Talking about tenure, I would argue that people rarely think about higher education in the broadest possible way. Again, the “fish in water” problem. Or, more specifically, people usually think about their jobs. Whether or not they’re part of said “tenure system.” (One could argue that this system is so pervasive and so fundamental in higher education that even those who aren’t on the tenure-track are directly affected by it. Still, they’re not technically “part of the tenure system.”)

In my experience, adjuncts and other “contingent” instructors are as “guilty” as anyone else of this kind of circular thinking. I hear many part-timers, bittered by their experience, talk about the tenure system as if it were their focal point. Several of them have assumed that there was (or should be) a way for adjuncts to go on the tenure track in the same department as where they teach on a part-time basis. As you might expect, some of these have been especially disappointed by the results. Bitterness is a common component of life for many of those who teach on a course-by-course basis.

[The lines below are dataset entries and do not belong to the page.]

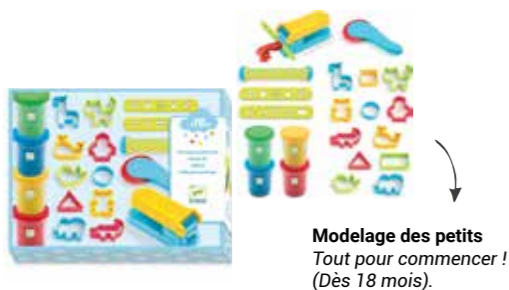
Modelage des petits Tout pour commencer ! (Dès 18 mois).

Créer avec du papier buvard Dessinez des points avec des feutres, appliquez une goutte d'eau et admirez la diffusion des couleurs sur le papier. (Dès 3 ans).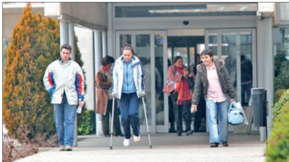
La citación sucesiva permitirá agrupar las consultas para pruebas diagnósticas GENTE

El CAP ha incluido entre sus actividades la explotación de datos de citas y libre elección para adaptar el servicio a las necesidades de los pacientes.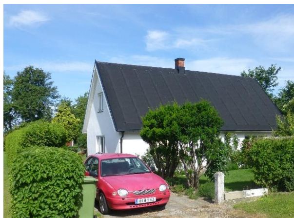
Foto från 2019. Huset sett från gatan. Växterna på tomten är de samma som på bilden där huset är klätt med Eternit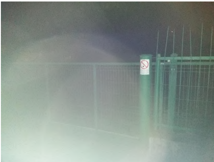
Obrázek 16: kontrola areálu a okolí ZŠ Novolíšeňská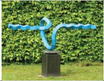
30 Beeldentuin en Galerie Pimpelmees 3 HazArt kunststichting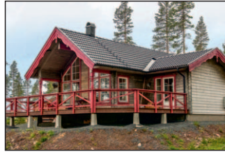
2. Anna-Lisa 80+loft Topp. A3, Topphedenbacken 16 Huset med en vacker symmetrisk fasad. Tre sovrum i bottenplan. Detta hus har förlängd storstuga.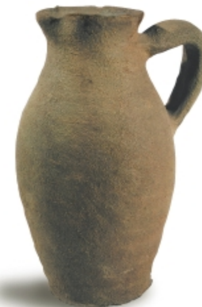
Az égetett avar korsó Kr. u. 400-500-as évekből származik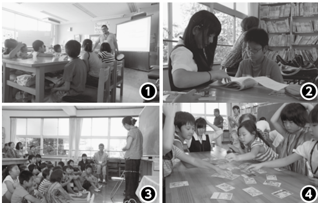
▲①英語あそび②勉強会③絵本読み聞かせ④房総かるた体験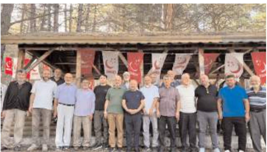
Toplantının ardından hatıra fotoğrafı çekildi.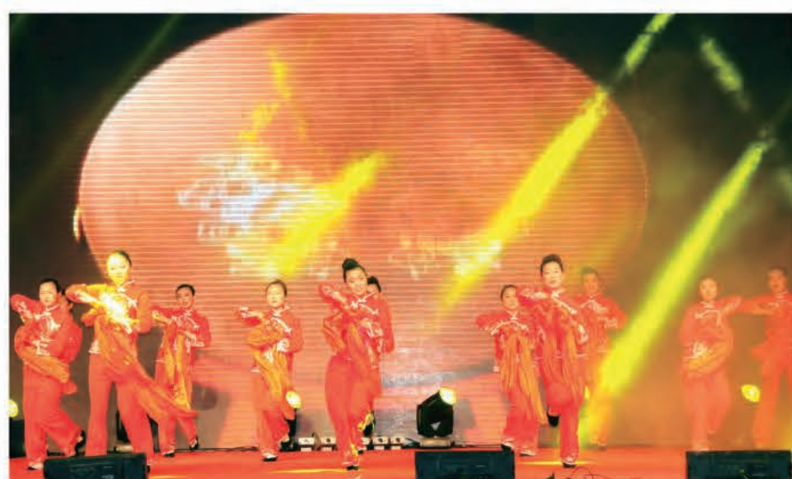
舞蹈《开门红》（菏泽公司）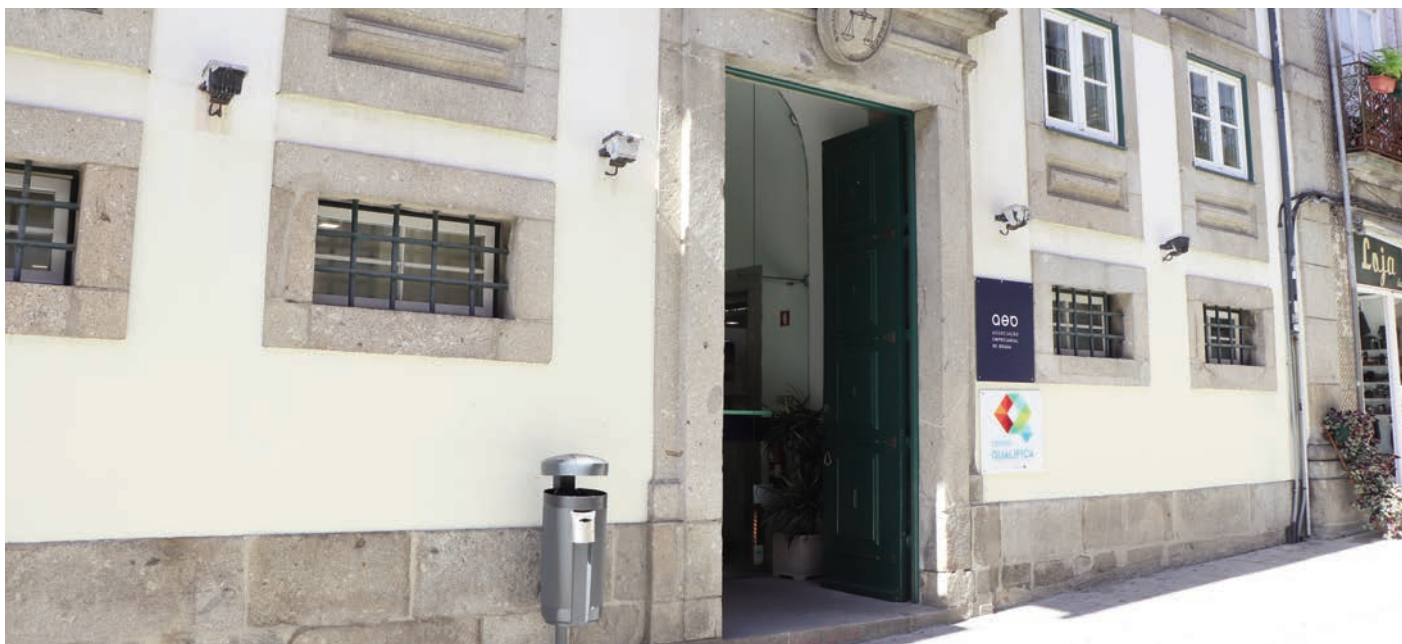
AEB está empenhada em promover a transformação digital

A Associação Empresarial de Braga (AEB) e o Instituto Politécnico do Cávado e do Ave (IPCA) lançaram o curso ‘Transformação Digital para Líderes’, dirigido a empresários e gestores de pequenas e médias empresas (PMEs). Esta formação, no âmbito do projeto Líder+ Digital, tem como objetivo dotar os participantes de competências estratégicas e práticas para implementar processos de transformação digital nas suas organizações.

One thing to note is that higher education systems differ greatly. I mostly have experience in the United States and Canada, which are already very different from one another in terms of contractual teaching. In some ways, part-timers at Canadian institutions have a much sweeter deal than adjuncts south of the border. In financial terms, at least (even allowing for exchange rates and cost-of-living differences). In the U.S. when I was teaching there, it wasn’t rare for a three-credit course to be paid about 2,000$. In Canada, it’s common for the same three-credit course to be paid more than 5,000$. Since then (i.e., in just a few years), teaching contracts in Montreal, at least, have gone up to close to 8,000$ and I know there are still teaching contracts in the U.S. which are still close to 2,000$. I’ve heard colleagues in Ontario talk about even higher figures for a 3-credit course, but those figures are so high that I find them hard to believe.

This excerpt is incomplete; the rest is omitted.